If we can master the knowledge of our needs and our natural ebbs and flows of energy, we can position ourselves to be effective at the time we are needed and rest ourselves when we are not. We can consume our resources when they are most effective to our minds and bodies, and we can set them aside when they’ll have little to do with the outcomes of life.

I speak to the short and long term for myself in terms of food and eating. On a short term, day to day basis, I’ve reduced my eating to twice a day. I have butter coffee in the morning, and a large dinner at night. As for the long term, I’ve been living with this eating schedule for the past four years without any sign of energy deficit, malnutrition, or chronic illness.

The only significant break from this has been my three and half month long travel this year. There have been differences while I was overseas and backpacking. I’ll get more into this in another post. I want to focus on long term pattern and effects here.

People have asked me if I don’t get stomach problems from eating so much at night. In fact, I’ve never felt better since having fats in the morning and eating all of my food at night. My stool is regular, my energy is regular and full, and my body is well-toned and responsive. As long as I follow this well-fitted pattern of eating and nutrition.

The truth is, I’ve always had digestive issues. Since I was a teenager, I’ve had bad gas and upset stomach much of the time. I remember so many nights out with friends, during deep talks, where I was just dying from the struggle to hold in my farts.

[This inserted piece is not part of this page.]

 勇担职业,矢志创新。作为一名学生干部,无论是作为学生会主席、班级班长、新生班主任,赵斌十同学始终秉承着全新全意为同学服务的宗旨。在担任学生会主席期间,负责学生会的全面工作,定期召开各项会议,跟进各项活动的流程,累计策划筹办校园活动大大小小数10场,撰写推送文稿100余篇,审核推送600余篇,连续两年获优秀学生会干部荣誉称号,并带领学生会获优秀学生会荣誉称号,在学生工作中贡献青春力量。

Looking back, and with my present knowledge and experience, most of this had to do with what I ate. So much wheat in the form of bread, pasta, and sweets, bad fats, and milk were among the culprits. I had energy when I did, and I forced energy when I had none. I was often exhausted at night and in the morning.

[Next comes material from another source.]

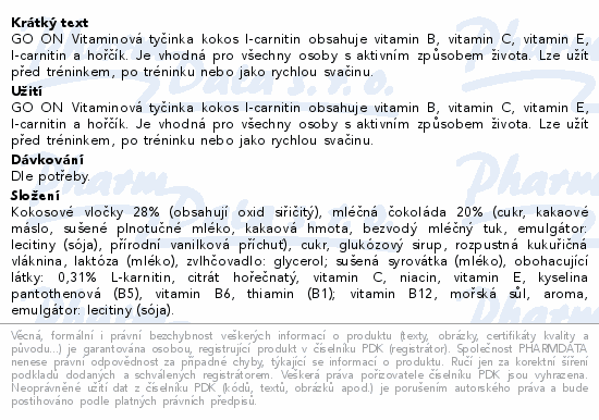 GO ON Vitaminová tyčinka kokos l-carnitin obsahuje vitamin B, vitamin C, vitamin E, l-carnitin a hořčík. Je vhodná pro všechny osoby s aktivním způsobem života. Lze užít před tréninkem, po tréninku nebo jako rychlou svačinu.

This unnatural living created a deficit that continues to suck energy from me today. I’ve found the gaping holes and leaks and stopped the flooding, but I’m still getting leaks of energy here and there. Enough with the analogy.

At thirty years, I’m at a sort of turning point. I know what’s good for me. I’ve discovered it. During my mid to late twenties, I went to all ends to capitalize on it. I did everything I could, within my means, to make myself better. I had to with the circumstances I was in, but I also wanted to.

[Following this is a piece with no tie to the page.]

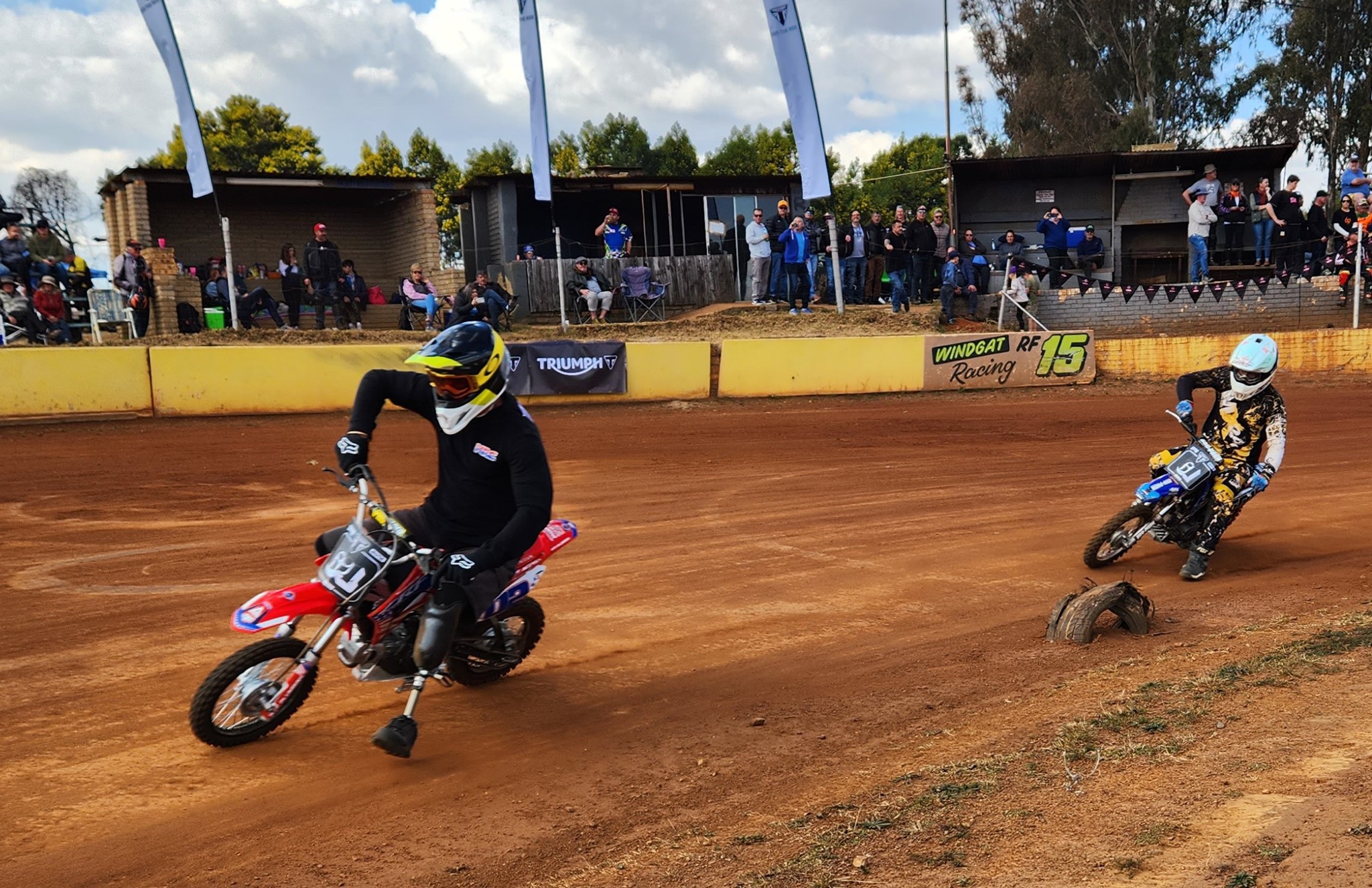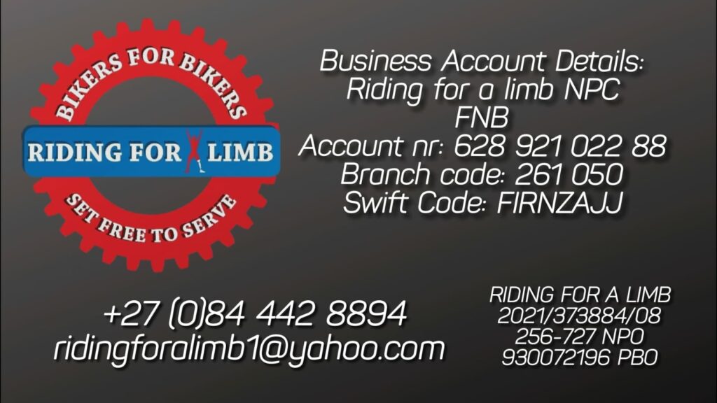 His good mate Paul put him in touch with Gerda and Charl – he received a prosthetic leg and guess what? He races pit bikes, helps with Riding For A Limb, inspires riders and leads a normal life.

Now I’m at the tail end of this stage of awe at what has been discovered. Many, many other people, including you, have also found out that we’ve been in a matrix version of the truth about nutrition and eating. And you’ve also come to navigate your way through the webs of lies spun around us. Something was not working but everyone was trying to ignore the skips in the beat. The glitches.

The thing about our world, as opposed to that of the Matrix, is that even though we’ve been out in the cold, hard reality, and have found how to light the fire and thrive, the webs continue to spin around us. Just go to the nearest “health foods” or “farmer’s market” store and see how many gluten-free and paleo products line the shelves. They’ve simply taken the spotlight from cereals, which are still the next aisle over, and they’ve become the new idea of healthy eating.

The matrix of this world continues to expand. We’ve definitely torn away the webs at the fringes and made our way out, but it’s more like Harry Potter’s Triwizard Tournament hedge maze. It keeps growing, changing directions, and trying to engulf us.

What to do? Remember that the prize lies within you. I have to keep the focus on me. I have to remember, day to day, and year to year, that the ultimate goal with eating, food, and wellness is my own self. The closer I can get to fulfilling the center of me, the further I stay from the web of the food matrix.

Yes, there is truly good stuff out there. You can find good food. Clean veggies. Happy meat. People who give a damn, who want you to share in the wellness of their products. People who do the high level research to find more of the truth to share with us.

We’ll find it, we’ll invest in it, it will grow, and truth and goodness and thriving will overcome the lies and suffering. We’ll keep guiding each other, and the universe will fill in the gaps.

The key is to stay true to yourself. Seriously, that’s all.

Live powerfully, eat powerfully,

Steve

P.S., a big thanks to my friend for coming out and sharing deep thoughts. If you read this, you know who you are.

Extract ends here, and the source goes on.